EXERCISE
Give back every record word for word, keeping the pictures out.

Dataset entries
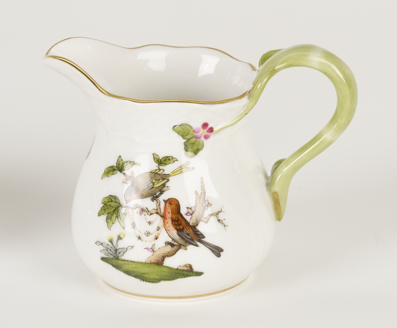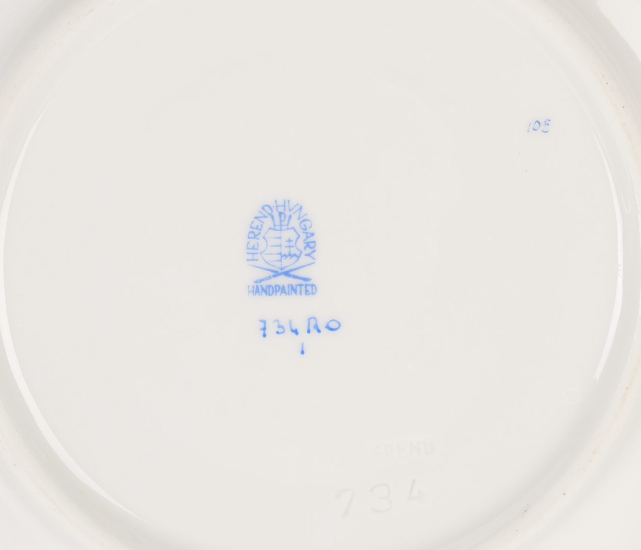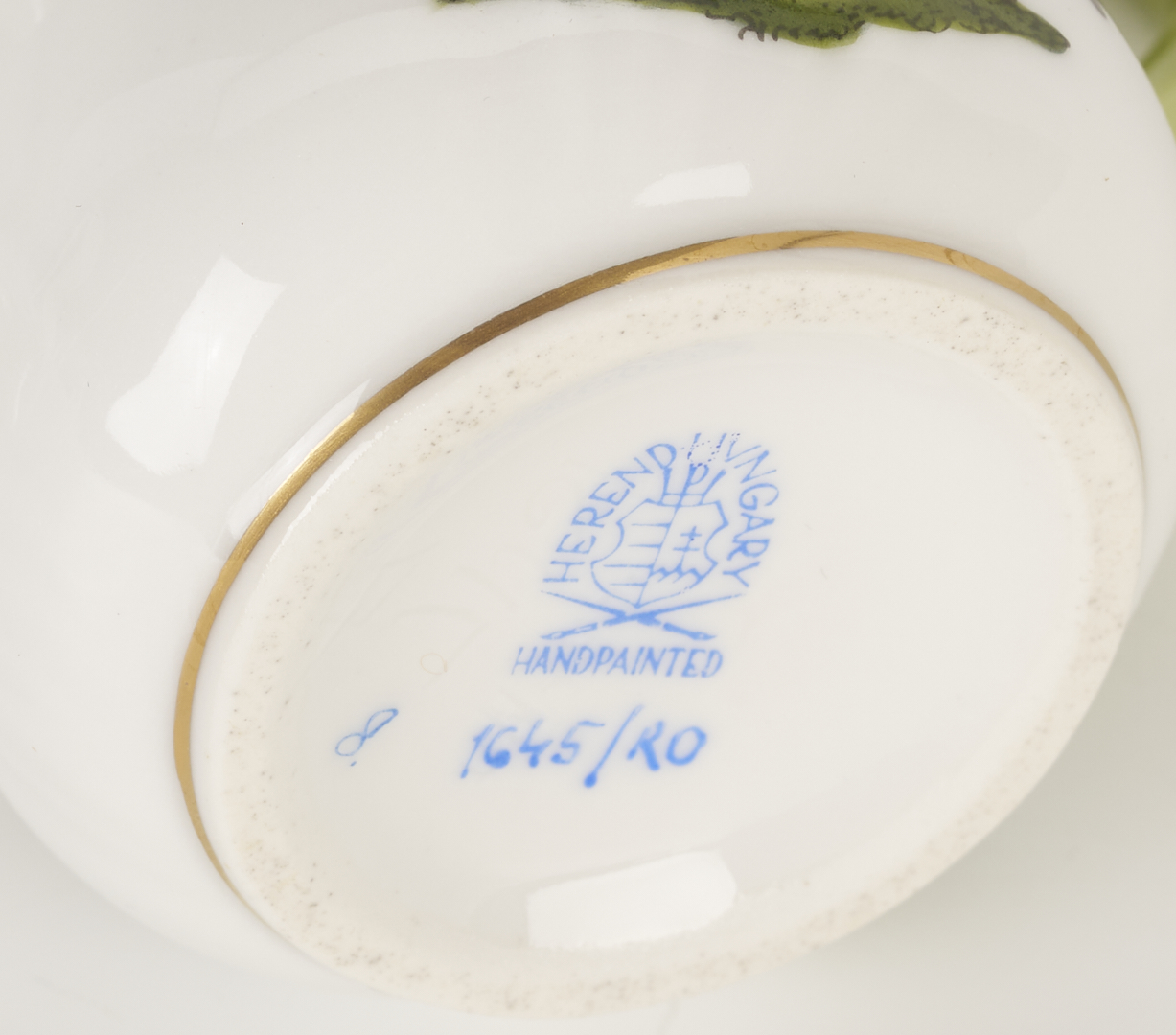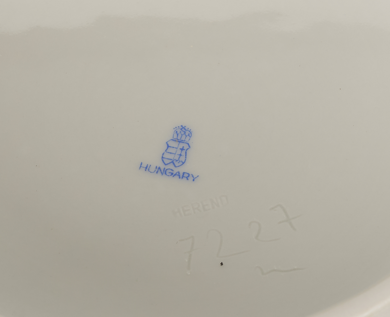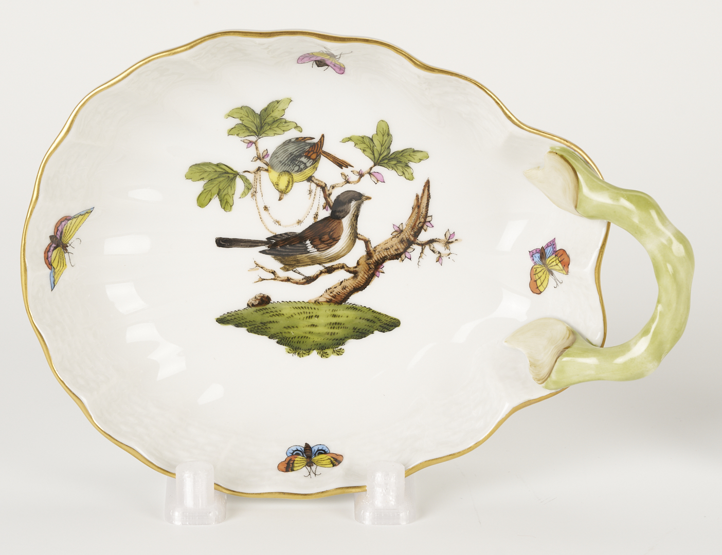 Sixty-nine (69) pieces Herend Rothschild Bird porcelain dinnerware, service for 8, including 8 dinner plates, 8 dessert or salad plates, 8 bread & butter plates, 8 tea cups with saucers, 8 cream soup cups with saucers, 1 large shallow round serving dish, 1 round handled serving platter, 1 oval serving platter, 1 wine cooler, 1 oval serving bowl, 1 small serving bowl, 1 individual creamer, 1 gravy boat, 1 handled shell form dish, 2 ashtrays, 1 oval serving platter, and 1 round serving platter with handles. All pieces have blue Herend marks stamped on the underside. Ranging in size 2 2/4 in. D x 3 1/2 in. W to 2 1/4 in. H x 15 in. W.
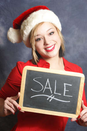 Santa woman holding colorful shopping bags with a sale discount t shirt
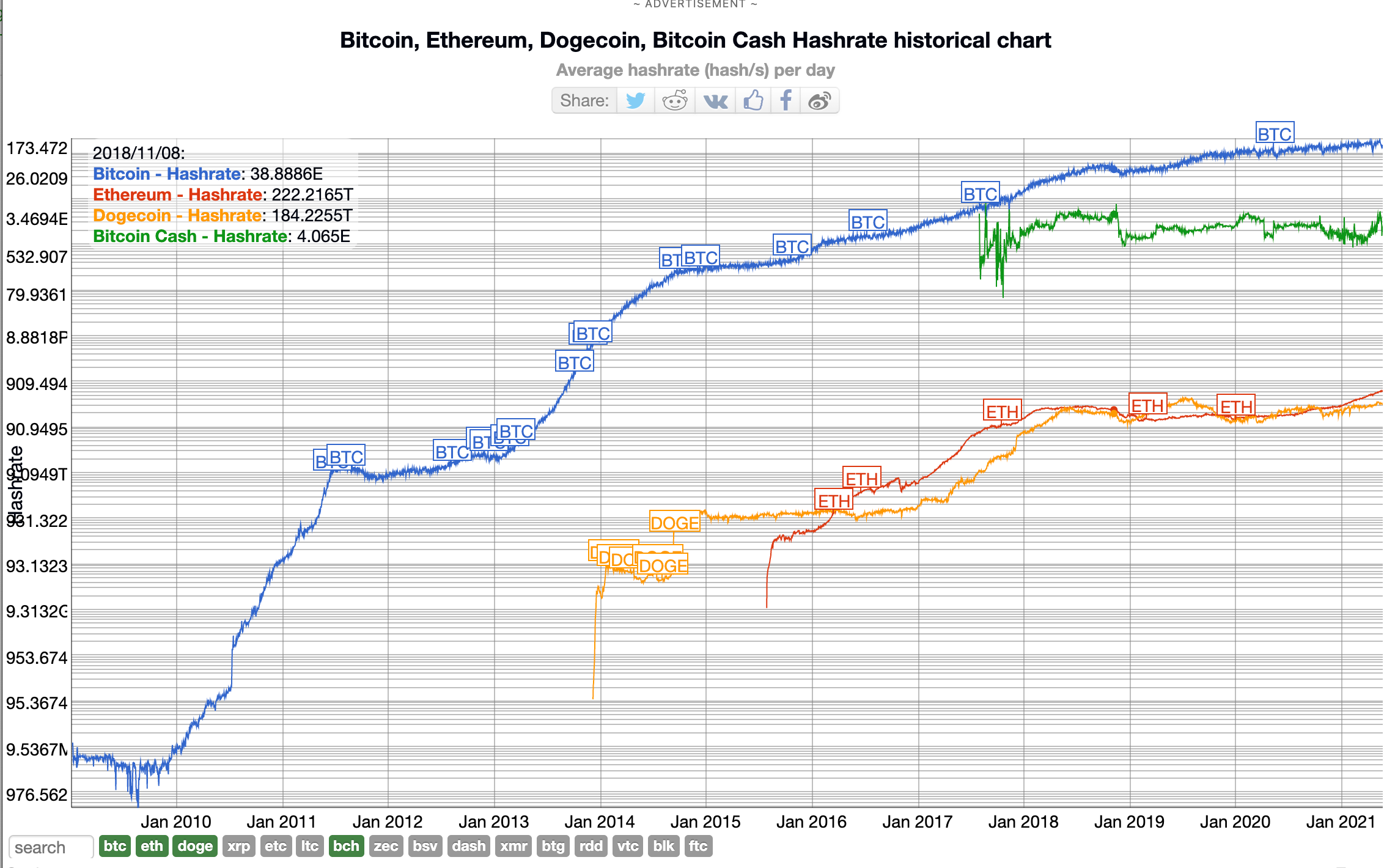 Here is how much network security Bitcoin provides compared to a few other major currencies. The chart is scaled logarithmically because if it was linear none of the other hashrates would even be visible.
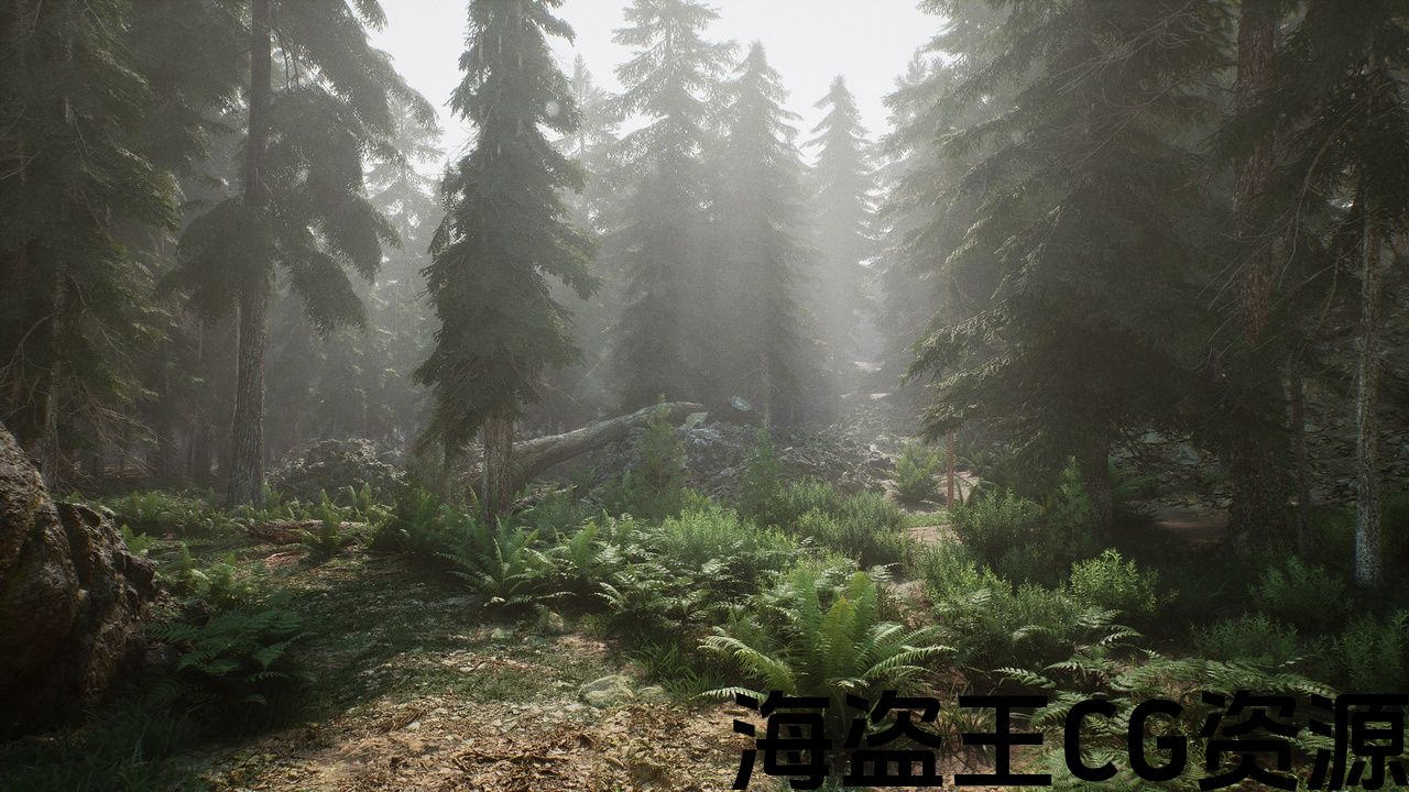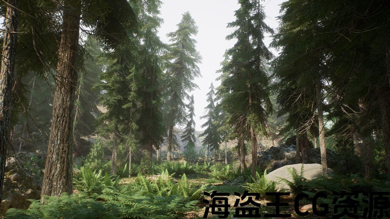 下一代树叶和植被:具有各种高保真英雄松树、茂密的蕨类植物簇、阔叶树苗和对风和光产生自然反应的地被植物。
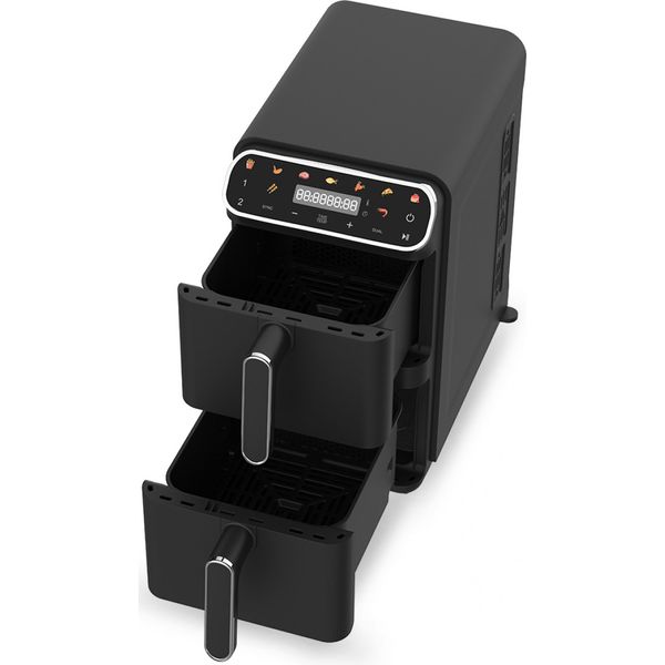 Με συνολική χωρητικότητα 11 λίτρων (2 ? 5.5 L), είναι ιδανική για οικογένειες ή όσους αγαπούν να μαγειρεύουν μεγάλα γεύματα. Χρησιμοποίησε τη λειτουργία SYNC για διαφορετικά φαγητά που τελειώνουν ταυτόχρονα ή τη λειτουργία DUAL για διπλή παραγωγή.
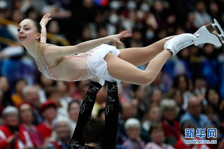 柏伊寇娃(上)/寇兹洛夫斯基在双人滑自由滑比赛中。新华社记者王丽莉摄
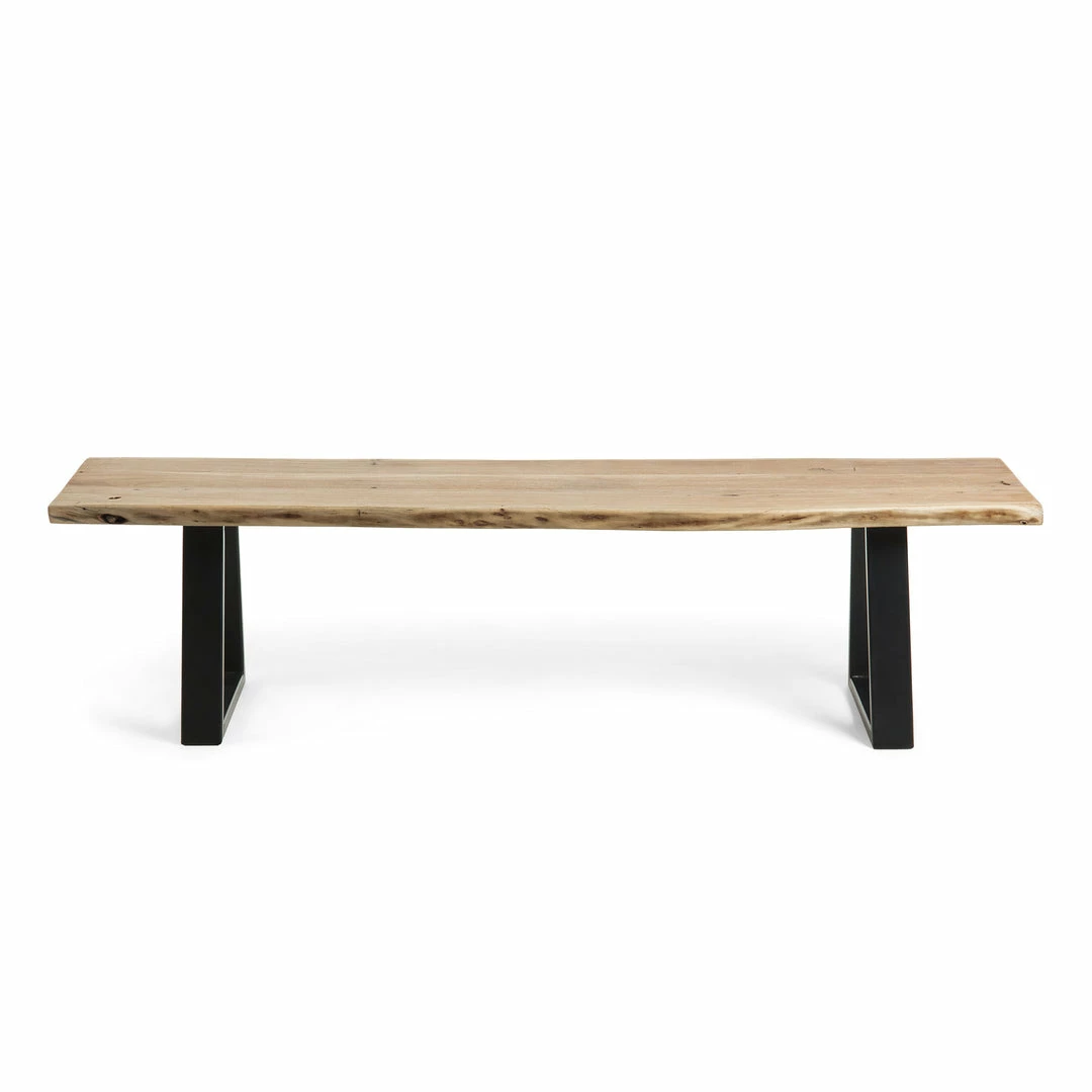 Sono bench is a natural solid wattle timber top with raw edges and black painted metal legs. Natural timbers may exhibit variances in grain, colour and texture, sometimes visable knots, filling and butterfly joints will be evident and it can change colour with age. These variations are normal characteristics of all timber species.
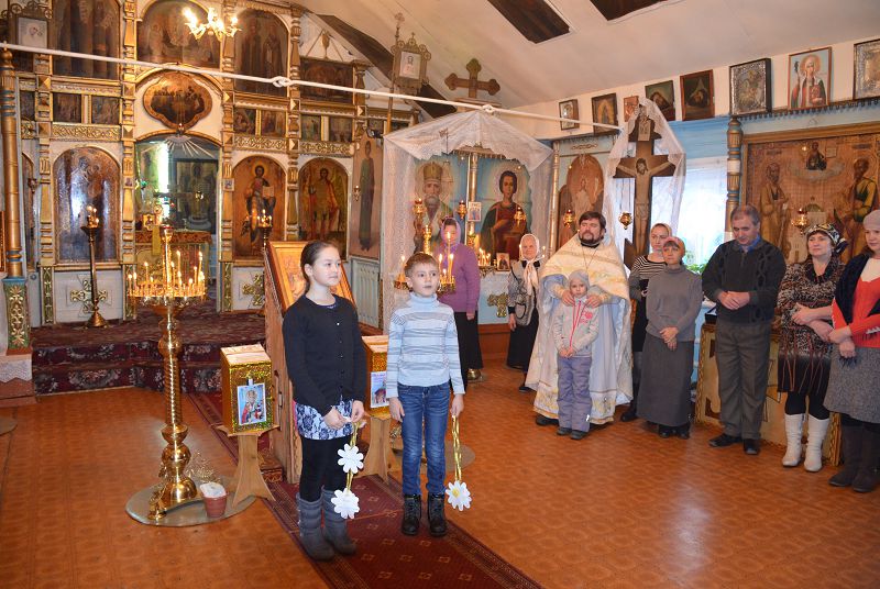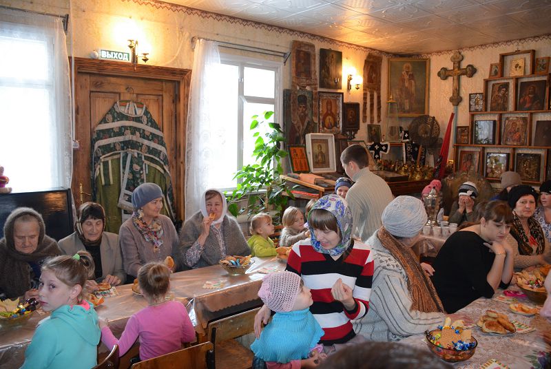 МЕДНОГОРСК. 29 ноября 2015 г. На приходе храма святителя Николая Чудотворца поселка Заречного по окончании Божественной литургии в день матери состоялось чествование мам, бабушек,прихожанок и вручение им подарков.

ANSWER BOX
 Sixty-nine (69) pieces Herend Rothschild Bird porcelain dinnerware, service for 8, including 8 dinner plates, 8 dessert or salad plates, 8 bread & butter plates, 8 tea cups with saucers, 8 cream soup cups with saucers, 1 large shallow round serving dish, 1 round handled serving platter, 1 oval serving platter, 1 wine cooler, 1 oval serving bowl, 1 small serving bowl, 1 individual creamer, 1 gravy boat, 1 handled shell form dish, 2 ashtrays, 1 oval serving platter, and 1 round serving platter with handles. All pieces have blue Herend marks stamped on the underside. Ranging in size 2 2/4 in. D x 3 1/2 in. W to 2 1/4 in. H x 15 in. W.
 Santa woman holding colorful shopping bags with a sale discount t shirt
 Here is how much network security Bitcoin provides compared to a few other major currencies. The chart is scaled logarithmically because if it was linear none of the other hashrates would even be visible.
 下一代树叶和植被:具有各种高保真英雄松树、茂密的蕨类植物簇、阔叶树苗和对风和光产生自然反应的地被植物。
 Με συνολική χωρητικότητα 11 λίτρων (2 ? 5.5 L), είναι ιδανική για οικογένειες ή όσους αγαπούν να μαγειρεύουν μεγάλα γεύματα. Χρησιμοποίησε τη λειτουργία SYNC για διαφορετικά φαγητά που τελειώνουν ταυτόχρονα ή τη λειτουργία DUAL για διπλή παραγωγή.
 柏伊寇娃(上)/寇兹洛夫斯基在双人滑自由滑比赛中。新华社记者王丽莉摄
 Sono bench is a natural solid wattle timber top with raw edges and black painted metal legs. Natural timbers may exhibit variances in grain, colour and texture, sometimes visable knots, filling and butterfly joints will be evident and it can change colour with age. These variations are normal characteristics of all timber species.
 МЕДНОГОРСК. 29 ноября 2015 г. На приходе храма святителя Николая Чудотворца поселка Заречного по окончании Божественной литургии в день матери состоялось чествование мам, бабушек,прихожанок и вручение им подарков.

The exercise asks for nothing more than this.